The researchers knew that when cells sense a dip in salt concentrations outside their membranes, they activate a protein embedded in the cell membrane that pumps out chloride and potassium ions. Water follows the salt, and that fluid loss stops the cells from swelling. A modification of that protein acts as an on/off switch, first author and Associate Research Scientist Jesse Rinehart, Ph.D., found. Adding two phosphate groups to the protein turns it off while their absence turns on the ion transporter. The same transport protein is present in most cells; Rinehart found it even in neurons, in which the concentration of chloride regulates the neurons’ response to neurotransmitters rather than to cell size.

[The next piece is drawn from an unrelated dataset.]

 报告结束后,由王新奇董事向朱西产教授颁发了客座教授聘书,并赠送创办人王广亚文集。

What turns the switch? Rinehart and colleagues identified an enzyme, the WNK1 kinase, which is responsible for adding the critical phosphate groups. Interestingly, the Lifton lab had previously found WNK kinases to be master regulators of electrolyte flux in the kidney, where changes in the kinases’ activity level can lead to high blood pressure.

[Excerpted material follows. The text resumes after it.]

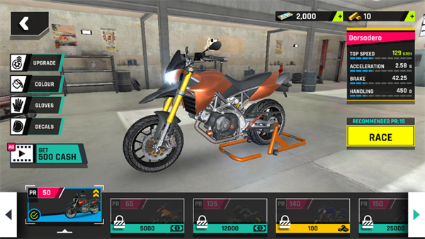 2、然后根据新手引导,购买摩托车,接下来就要进入竞赛了;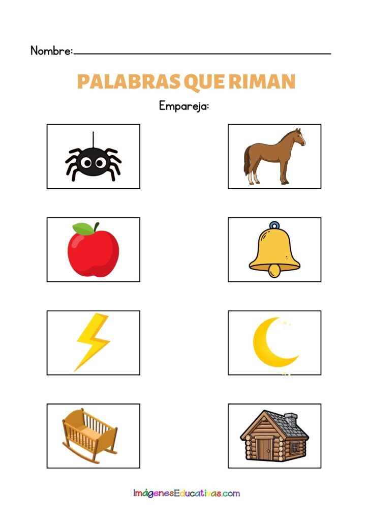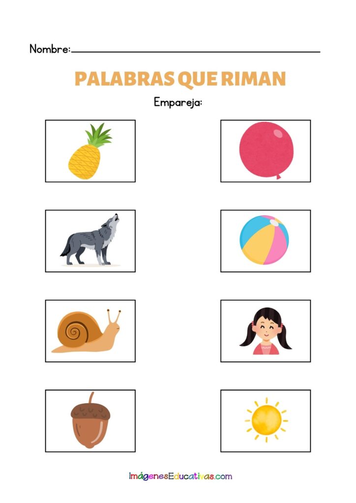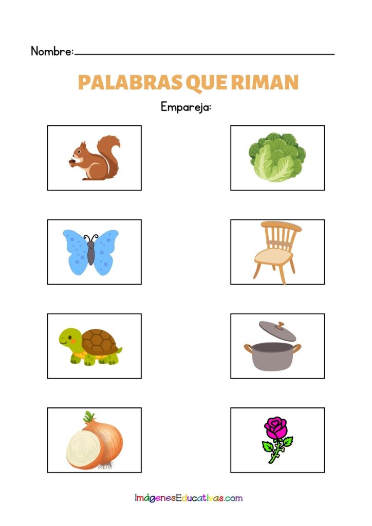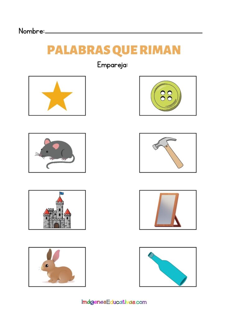Cada ficha presenta una serie de imágenes que representan diferentes palabras, y la actividad consiste en que los alumnos emparejen aquellas que rimen entre sí. Este tipo de ejercicios no solo ayuda a reconocer patrones sonoros, sino que también fomenta la atención, la discriminación auditiva y el vocabulario.

Understanding how the switch works may suggest new treatments for sickle cell anemia, according to coauthor Patrick G. Gallagher, M.D., professor of pediatrics (neonatology). Transporter activity is known to be hyperactive in red blood cells from people with sickle cell disease. That increased activity causes dehydration of the red blood cells, which increases the chances that the sickle hemoglobin molecules will clump and the cells will break up. Dehydrated sickle cells are also more likely to stick to blood vessel walls and block blood flow. “Now that we know how the transporter works, we can find the regulators that control it. The transporter and its regulators are fertile ground for identifying potential drug targets to treat sickle cell disease,” said Gallagher.

According to Lifton, the discovery was possible because Yale is home to a large proteomics center, one of 10 funded in 2002 by the National Heart, Lung, and Blood Institute. Working at the center, Rinehart was able to apply the latest proteomics techniques to analyze the transporter. “We wouldn’t have been able to get into this line of work without the center,” Lifton says. “It was a big help to us.”